Good Morning!   Happy New Year!   Happy New Day! I hope that you are well today!

 

We are talking a ton about resolutions.  We each have a motherload of things that we could improve upon. My list easily being the longest!  Bad habits to break and new habits to gain.   My number one and possibly my only real resolution this year is to spend more time reading and learning.  I need wisdom more than I need anything else on this planet.  As it goes, the more I learn, the more I realize I don't know. 

 

Last night we were with some friends to celebrate the new year.  As they often do, my kiddos leave me humble and beginning for Mercy and Wisdom.  I'm trying to decide which I should share....When someone asked my boy about his age and he responded with his age and "Well DUUUUUH" or when one of my girls was told time and time again to put a lid on her sticky drink and  kept refusing to do it.  Ahhhhhhhhhh!  

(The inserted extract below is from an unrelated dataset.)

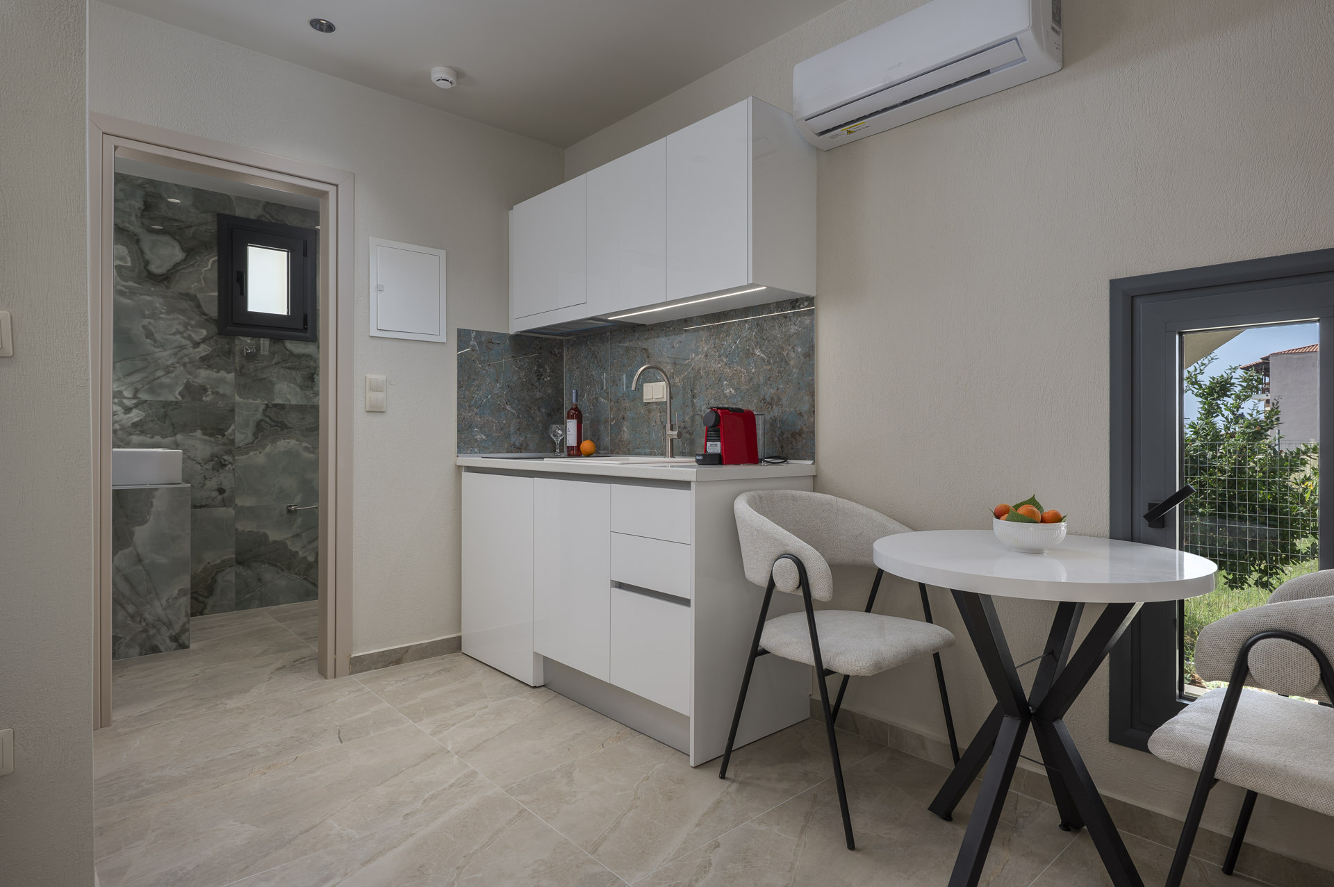 Discover Villa Vanesa’s Two-Bedroom Village-View Apartment, nestled just steps from Nea Flogita’s sandy shore in Chalkidiki. Enter through your private entrance into a bright, air-conditioned living room that opens onto a fully equipped kitchenette—complete with stovetop, refrigerator, and tea & coffee maker—ideal for light meals and morning espresso before your day begins.

This morning I woke up and read, "Discipline your children; you'll be glad you did-- they'll turn out delightful to live with." and "Pride lands you flat on your face; humility prepares for honors" and "The fear of human opinion disables; trusting in God protects you from that." All from the 29th book of Proverbs.

 

Which is why I'm back here writing today. 

 

I tend to have unrealistic expectations of these kiddos.  I want them to just go ahead and know how to act at home and when we take them out.  But they don't.  They are learning.  The same kiddo who tried to refuse her lid was an angel to her sister when shopping the day before.  The lady working in the store commented about how she couldn't believe how sweet she was to her tantruming younger sister.  I was thinking, yeah....truth be told, she's being a lot sweeter than I even want to be with her at times.  

 

Motherhood is filled with highs and lows.  As soon as I think were getting somewhere, BOOM! We get knocked right back down to reality that we have plenty of training left to do.  Plenty of learning still on the part of the adults and kids in this house.  

 

This morning we talked about how you don't say "DUH" to people.  How it implies that the other person is not wise or dumb.  We talked about respecting other people's homes and rules.  How we should respect other people's property and wishes.   About listening to grown-up's rules even when you don't quite understand them yet. "Even though we trust you with a full cup of soda pop, other little kids are running all over the place and putting a lid on your cup when asked could save someone from sticky wet clothes and sticky wet floors and just a mess in general." I could see as I was talking to her the light bulbs turning on.  The, Oh! I didn't even think of that! wheels were spinning in her mind.  I see it in her because that's the exact same way I feel every time I read or learn a new/different way.  When I get outside of my small bubble of thinking. 

 

It's kind of crazy how we get this job to raise kids while we are still growing up ourselves! 

 

I quickly realized as I was talking to her that she has the exact same problem as me; I tend  to be stubborn in my own beliefs based on the knowledge that I have, and forget that there is a much bigger picture.  I have often failed to trust God and his plans for me because I could only see my little part in the the here and now.  I forget that He sees the whole picture.  I often forget to trust, just as my girl did with me.   

 

I write all of this just to say, if you've got an imperfect bunch like me, it's okay.  If you're an imperfect momma like me, that's okay too.  In hind sight, I think of how I could have and should have handled each child in each situation a little differently. But, I have Grace upon Grace for my kiddos and myself.  I'm not angry with them today. I'm not going to sit in regret for myself.  Instead, we want to use our flaws as opportunities to grow and learn.  To increase our need for wisdom and faith and trust in someone outside of ourselves.  In her case, me, and in my case God.  We pray not to repeat the exact same mistakes time and time again, but to learn from them and move forward.  To have discussions instead of fights.  To increase our Joy in the Chaos.